Candied honey is formed by encouraging the natural crystallization process of raw honey.
Natural honey contains 2 types of sugars, glucose, and fructose. Honey will begin as liquid but over time, especially in the cooler months, crystallization will natural happen when the glucose forms crystals. The honey will start to change in texture and the crystals will form a semi solid state.
Summertime in Tasmania, when we harvest our honey from the honeycomb, it is in its natural liquid state. Once extracted it is stored in bulk containers but in a matter of weeks, the natural sugars in honey will begin to crystalize, and the entire contents of the container will eventually set hard. When the honey is required for bottling, we gently re-liquefy the honey in a warm room, all while monitoring the temperature so it is maintained below 38°C, mimicking the temperature of the hive.

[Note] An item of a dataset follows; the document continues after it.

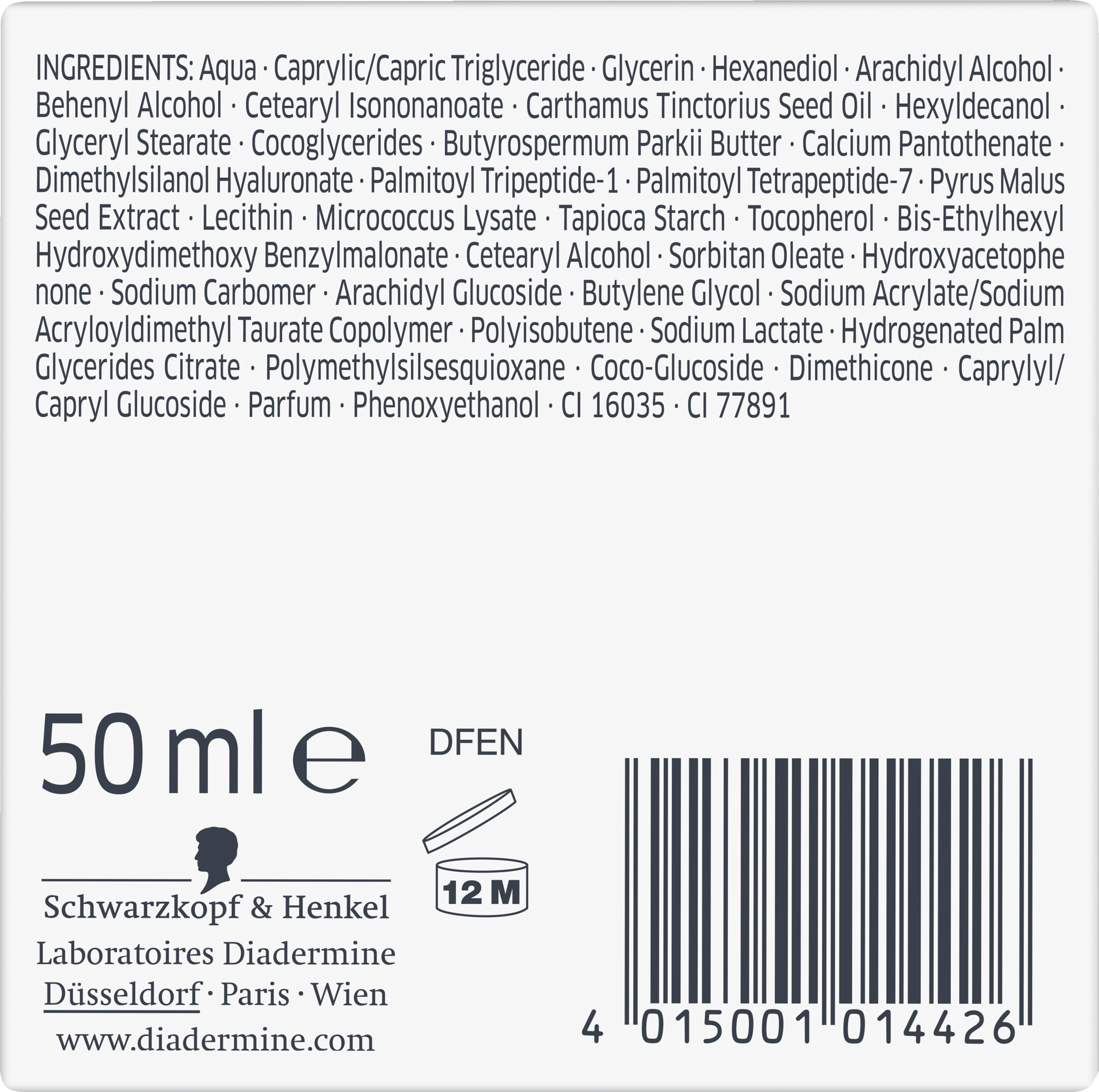 Aqua, Caprylic/Capric Triglyceride, Glycerin, Hexanediol, Arachidyl Alcohol, Behenyl Alcohol, Cetearyl Isononanoate, Carthamus Tinctorius Seed Oil, Hexyldecanol, Glyceryl Stearate, Cocoglycerides, Butyrospermum Parkii Butter, Micrococcus Lysate, Palmitoyl Oligopeptide, Palmitoyl Tetrapeptide-7, Pyrus Malus Seed Extract, Dimethylsilanol Hyaluronate, Lecithin, Tocopherol, Bis-Ethylhexyl Hydroxydimethoxy Benzylmalonate, Sodium Lactate, Sorbitan Oleate, Cetearyl Alcohol, Dimethicone, Tapioca Starch, Arachidyl Glucoside, Butylene Glycol, Sodium Acrylate/Sodium Acryloyldimethyl Taurate Copolymer, Polyisobutene, Hydrogenated Palm Glycerides Citrate, Polymethylsilsesquioxane, Sodium Carbomer, Coco-Glucoside, Parfum, Ethylhexylglycerin, Phenoxyethanol, CI 16035, CI 77891

Liquefying the honey is necessary to enable it to be pumped into a tank, where we seed it by adding a small amount of honey that has already developed a fine crystal structure. The honey is then stirred intermittently over 3-4 days which loosens and polishes the crystals. Once this process is complete the result is the beautiful creamy texture that is our signature soft candy (candied) honey.
Glucose crystals are naturally pure white therefore candied honey will appear lighter in colour than liquid honey.
Approximately 5% of each batch of candied honey produced will be set aside and becomes the seed/starter for the next batch. Similar process to sour dough starter, we believe each of our candied honey gets better and better!
Why we prefer candied honey over liquid honey:
The only way to keep honey in a liquid state is for it to be over heated. Heating above 45°C will damage any nutrients raw honey naturally produces including enzymes, antioxidants, amino acids, and minerals (calcium, iron, magnesium to name a few). Too much heat is what prevents honey from crystallizing but heat damage to these nutrients is what keeps the honey liquid! Over heating honey no longer contains any health benefits, effects the flavour and is not considered “raw” honey.
How to store your candied honey:
To prevent candied honey from returning to its liquid state, we recommend it to be stored below 20°C and away from direct heat or sunlight.